Word for word, repeat the lines of the records from the first line up to and including the line that contains "Com isso, entramos", passing over any pictures.

── Provided data ──

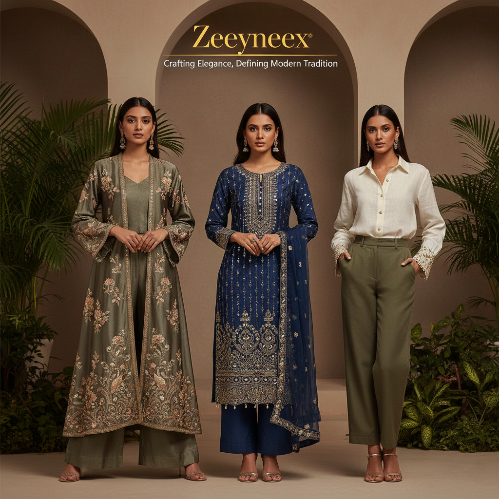 - Zeeyneex Apparel is a contemporary fashion brand positioned in the premium segment, offering thoughtfully designed apparel for Men, Women, and Kids.
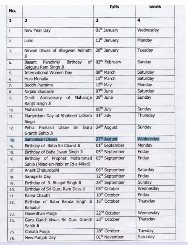 ਖ਼ਬਰਿਸਤਾਨ ਨੈੱਟਵਰਕ– ਇੱਕ ਵਾਰ ਫਿਰ ਪੰਜਾਬ ਵਿੱਚ ਛੁੱਟੀ ਦਾ ਐਲਾਨ ਕੀਤਾ ਗਿਆ ਹੈ। ਇਸ ਦੌਰਾਨ ਪੰਜਾਬ ਵਿੱਚ 1 ਸਤੰਬਰ ਨੂੰ ਛੁੱਟੀ ਰਹੇਗੀ। ਬਾਬਾ ਸ਼੍ਰੀ ਚੰਦ ਜੀ ਦੇ ਜਨਮ ਦਿਵਸ ਮੌਕੇ ਛੁੱਟੀ ਹੁੰਦੀ ਹੈ। ਜਿਸ ਕਾਰਨ ਇਸ ਦਿਨ ਨੂੰ ਜਨਤਕ ਛੁੱਟੀ ਐਲਾਨੀ ਗਈ ਹੈ। ਇਸ ਦੇ ਨਾਲ ਹੀ 5 ਸਤੰਬਰ, ਸ਼ੁੱਕਰਵਾਰ ਨੂੰ ਛੁੱਟੀ ਰਹੇਗੀ। ਇਸ ਦਿਨ ਬਾਬਾ ਜੀਵਨ ਸਿੰਘ ਦਾ ਜਨਮ ਦਿਵਸ ਹੈ। ਇਸ ਦੌਰਾਨ ਸਕੂਲ ਅਤੇ ਕਾਲਜ ਬੰਦ ਰਹਿਣਗੇ।
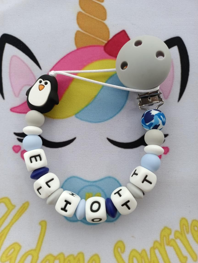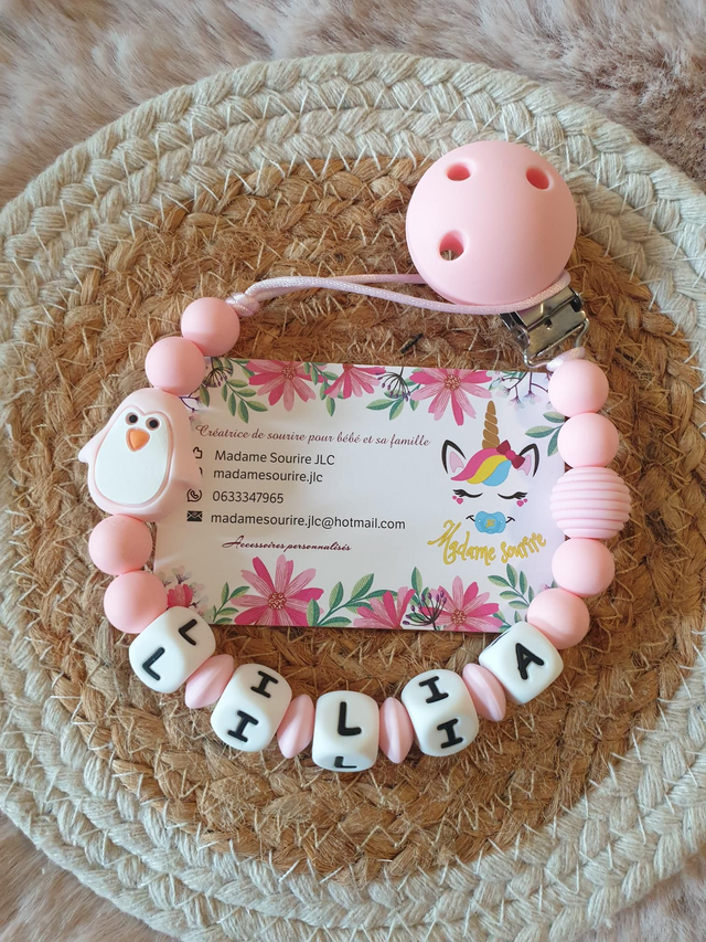 Une Attache tétine pour ne plus perdre la tétine avec une boucle pour attacher celle-ci (adaptateur MAM disponible pour les tétines MAM dans les accessoires) et un clip pour accrocher l'attache à un tissu sans l'abîmer.
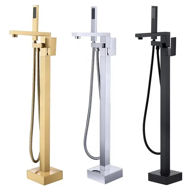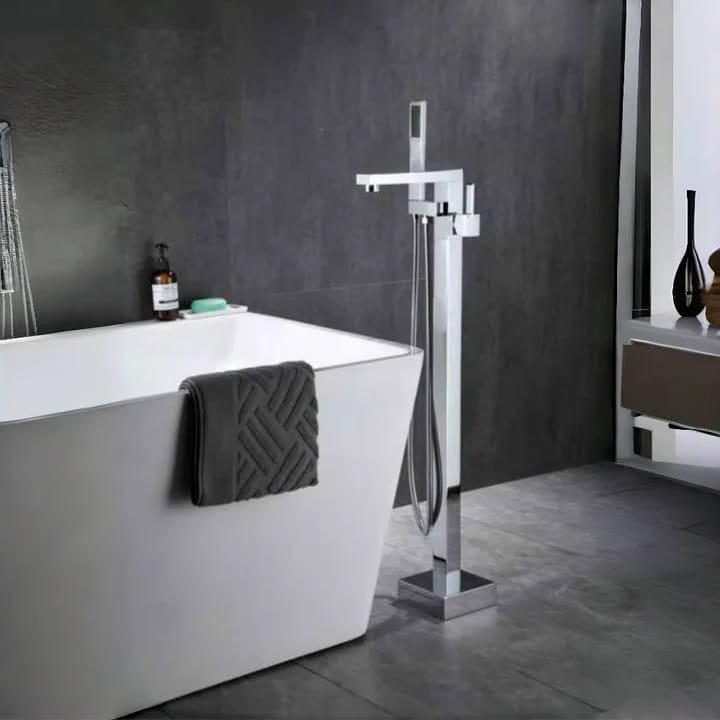 - Chrome Freestanding Square Floor-Mount Bath Mixer
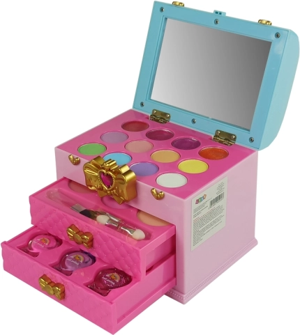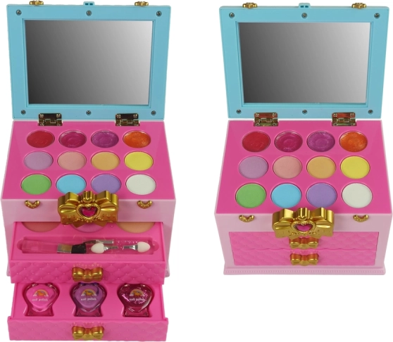 Set lepotna toaletka je sanjska izbira za vsako malo gospodično, ki si želi svoj kotiček za eksperimentiranje z lepoto in učenje prvih skrivnosti ličenja. Ta toaletka v obliki barvite škatle za nakit skriva bogato količino kozmetike za zabavo, kar otroku omogoča razvijanje ustvarjalnosti in estetskega čuta.
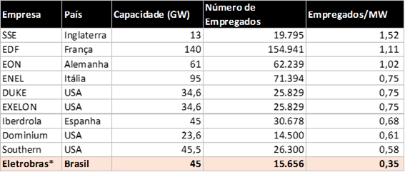 A Eletrobras, comparada com as maiores empresas de energia do mundo é a que tem o menor índice empregado por MW instalado.
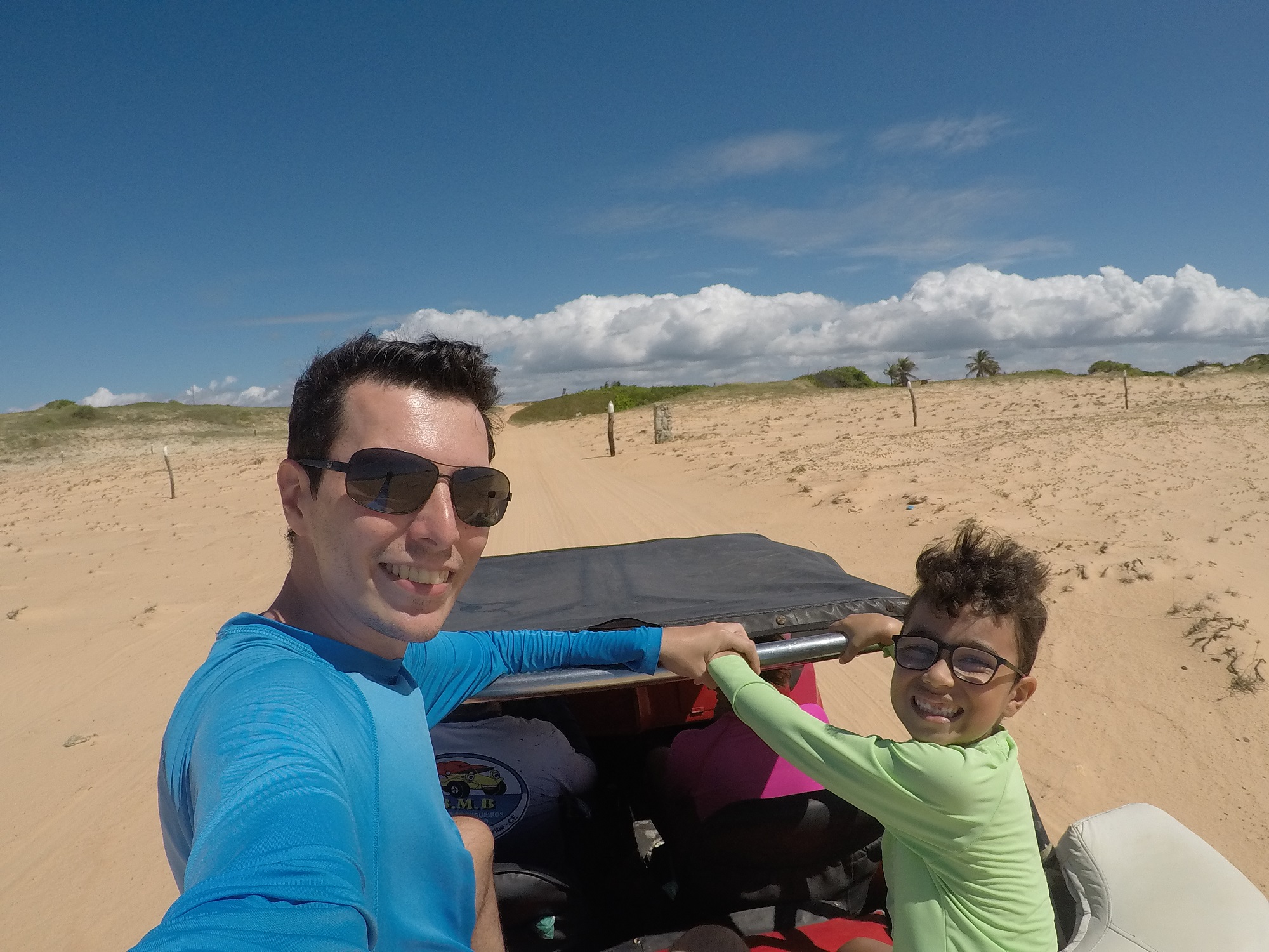 Com isso, entramos em um dos restaurantes para trocar as crianças e passar protetor, enquanto eles direcionavam um bugueiro para nos levar. Frisei com eles que precisava ser alguém com bastante paciência com crianças, pois estaríamos com o Arthur (7 anos) e Vitor (2 anos) juntos. O senhor que nos direcionaram foi maravilhoso! O passeio era para durar cerca de 2h30 a 3h e ficamos cerca de 4h30. O custo do passeio, que é tabela era de R$ 250,00, pagos diretamente ao bugueiro. Como estendemos muito e ele foi MUITO simpático e atencioso, acertamos com ele R$ 350,00 via PIX.
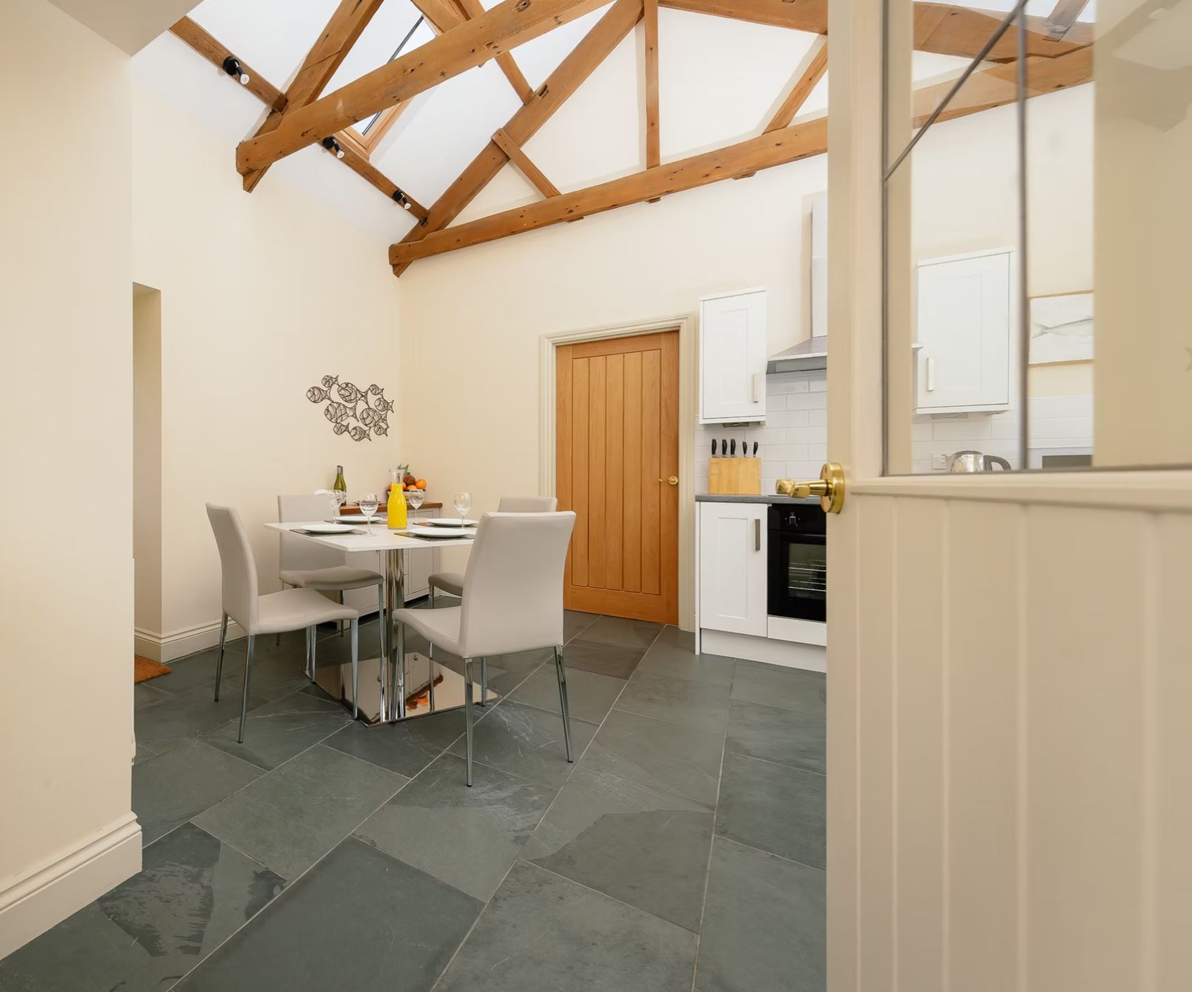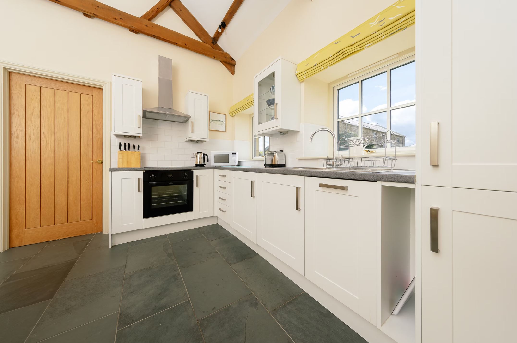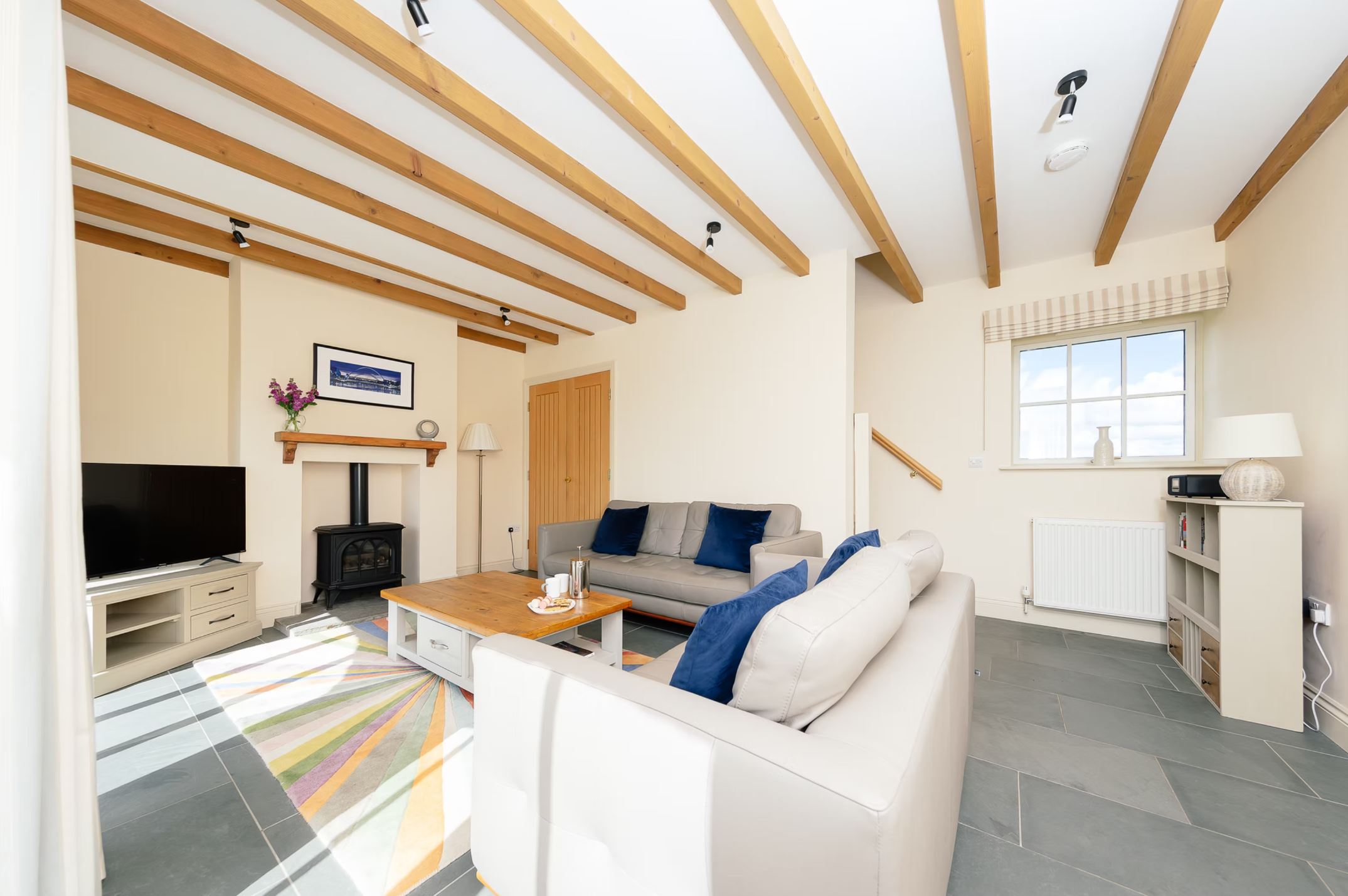 The cottage features two hemmel arched windows that fill the immaculately furnished lounge with light. A gas coal-effect fire creates a cosy atmosphere during winter evenings and the lounge also includes a large Smart TV and free WiFi throughout. The spacious dining kitchen is well equipped with an electric oven and hob, fridge freezer, dishwasher, washing machine and microwave and is enhanced by a vaulted ceiling with exposed beams.

───

▶ Answer section:
 - Zeeyneex Apparel is a contemporary fashion brand positioned in the premium segment, offering thoughtfully designed apparel for Men, Women, and Kids.
 ਖ਼ਬਰਿਸਤਾਨ ਨੈੱਟਵਰਕ– ਇੱਕ ਵਾਰ ਫਿਰ ਪੰਜਾਬ ਵਿੱਚ ਛੁੱਟੀ ਦਾ ਐਲਾਨ ਕੀਤਾ ਗਿਆ ਹੈ। ਇਸ ਦੌਰਾਨ ਪੰਜਾਬ ਵਿੱਚ 1 ਸਤੰਬਰ ਨੂੰ ਛੁੱਟੀ ਰਹੇਗੀ। ਬਾਬਾ ਸ਼੍ਰੀ ਚੰਦ ਜੀ ਦੇ ਜਨਮ ਦਿਵਸ ਮੌਕੇ ਛੁੱਟੀ ਹੁੰਦੀ ਹੈ। ਜਿਸ ਕਾਰਨ ਇਸ ਦਿਨ ਨੂੰ ਜਨਤਕ ਛੁੱਟੀ ਐਲਾਨੀ ਗਈ ਹੈ। ਇਸ ਦੇ ਨਾਲ ਹੀ 5 ਸਤੰਬਰ, ਸ਼ੁੱਕਰਵਾਰ ਨੂੰ ਛੁੱਟੀ ਰਹੇਗੀ। ਇਸ ਦਿਨ ਬਾਬਾ ਜੀਵਨ ਸਿੰਘ ਦਾ ਜਨਮ ਦਿਵਸ ਹੈ। ਇਸ ਦੌਰਾਨ ਸਕੂਲ ਅਤੇ ਕਾਲਜ ਬੰਦ ਰਹਿਣਗੇ।
 Une Attache tétine pour ne plus perdre la tétine avec une boucle pour attacher celle-ci (adaptateur MAM disponible pour les tétines MAM dans les accessoires) et un clip pour accrocher l'attache à un tissu sans l'abîmer.
 - Chrome Freestanding Square Floor-Mount Bath Mixer
 Set lepotna toaletka je sanjska izbira za vsako malo gospodično, ki si želi svoj kotiček za eksperimentiranje z lepoto in učenje prvih skrivnosti ličenja. Ta toaletka v obliki barvite škatle za nakit skriva bogato količino kozmetike za zabavo, kar otroku omogoča razvijanje ustvarjalnosti in estetskega čuta.
 A Eletrobras, comparada com as maiores empresas de energia do mundo é a que tem o menor índice empregado por MW instalado.
 Com isso, entramos em um dos restaurantes para trocar as crianças e passar protetor, enquanto eles direcionavam um bugueiro para nos levar. Frisei com eles que precisava ser alguém com bastante paciência com crianças, pois estaríamos com o Arthur (7 anos) e Vitor (2 anos) juntos. O senhor que nos direcionaram foi maravilhoso! O passeio era para durar cerca de 2h30 a 3h e ficamos cerca de 4h30. O custo do passeio, que é tabela era de R$ 250,00, pagos diretamente ao bugueiro. Como estendemos muito e ele foi MUITO simpático e atencioso, acertamos com ele R$ 350,00 via PIX.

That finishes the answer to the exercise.